Lastly we will format the transcript if formatting is enabled. Again this is only recommended for use cases where the end user will be shown the transcript as it adds some latency for voice agents.

1{
2 "turn_order": 1,
3 "turn_is_formatted": true,
4 "end_of_turn": true,
5 "transcript": "I am a voice agent.",
6 "end_of_turn_confidence": 0.750889,
7 "words": [
8 {
9 "start": 5200,
10 "end": 5280,
11 "text": "I",
12 "confidence": 0.561945,
13 "word_is_final": true
14 },
15 {
16 "start": 5440,
17 "end": 5520,
18 "text": "am",
19 "confidence": 0.804111,
20 "word_is_final": true
21 },
22 {
23 "start": 5600,
24 "end": 5680,
25 "text": "a",
26 "confidence": 0.998217,
27 "word_is_final": true
28 },
29 {
30 "start": 5680,
31 "end": 5760,
32 "text": "voice",
33 "confidence": 0.910144,
34 "word_is_final": true
35 },
36 {
37 "start": 5920,
38 "end": 6080,
39 "text": "agent.",
40 "confidence": 0.970552,
41 "word_is_final": true
42 }
43 ],
44 "utterance": "",
45 "type": "Turn"
46}

Best practices

Voice agents

  • Grab the utterance parameter as soon as it is available for the fastest STT model response. This is particularly useful if you are using an external Turn Detection model. You can read more about configuring for third-party turn detection here.
  • Avoid using format_turns as it will significantly increase latency. LLMs don’t need formatting so you can just pass raw text as soon as its ready.
  • Utilize the end_of_turn parameter to determine when a user is likely to end their turn. Combined with a VAD you can determine if the user is continuing to speak, or if the turn has ended and you can safely interrupt with your voice agent.
    • Note that AssemblyAI has a built-in VAD to the model. If you modify min_turn_silence latency will increase but you can substitute the model entirely for a VAD.

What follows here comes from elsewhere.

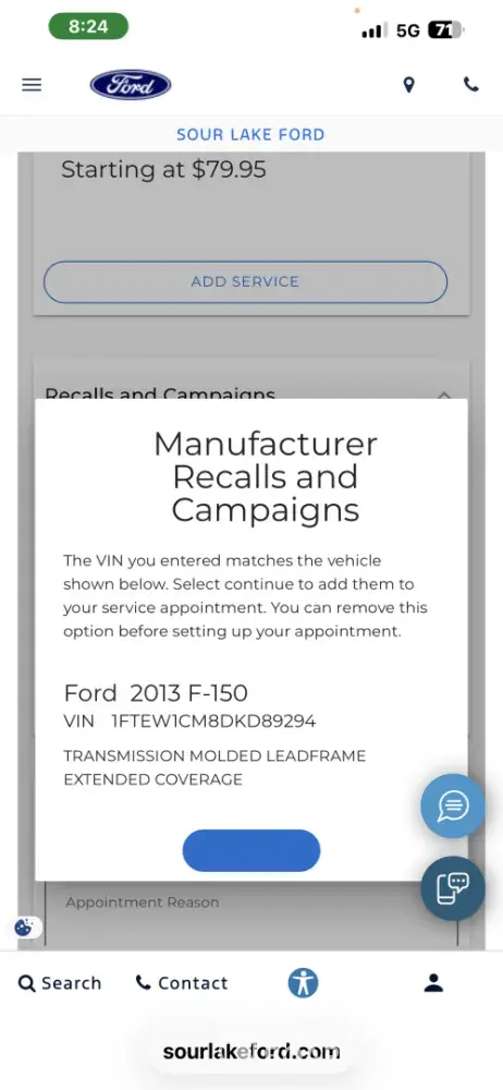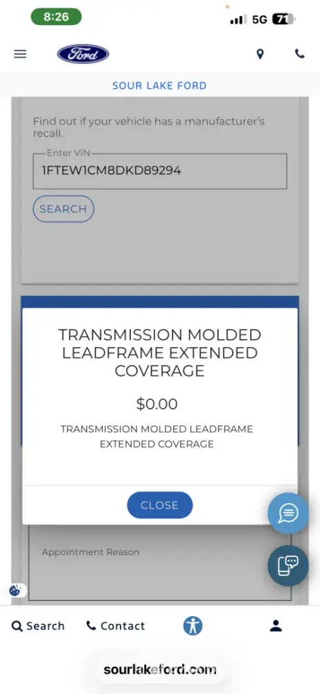 When I bought the vehicle, I did a vehicle search Carfax bumper and then a national motor vehicle check on the van and it showed up. I had a recall, customer satisfaction recall for the transmission molded frame so to schedule a service so I did I scheduled the service and they told me that I was covered. It was free and everything when I got there I drove our way and they said I wasn’t covered.

Notetakers and Closed captioning

  • Utilize format_turns since text will be displayed to the end user and this will make it human-readable. The added latency will be less noticeable to the human eye in these applications.
  • Utilize keyterms_prompt to increase the accuracy of rare words and entities. Again since the text will be shown to the end user this will improve their perception of accuracy.

Session termination

When the session ends (either by sending a Terminate message or when the session expires), the server sends a Termination message with the total audio and session durations.

1{
2 "type": "Termination",
3 "audio_duration_seconds": 7,
4 "session_duration_seconds": 7
5}

After receiving the Termination message, no further messages will be sent and the WebSocket connection will be closed.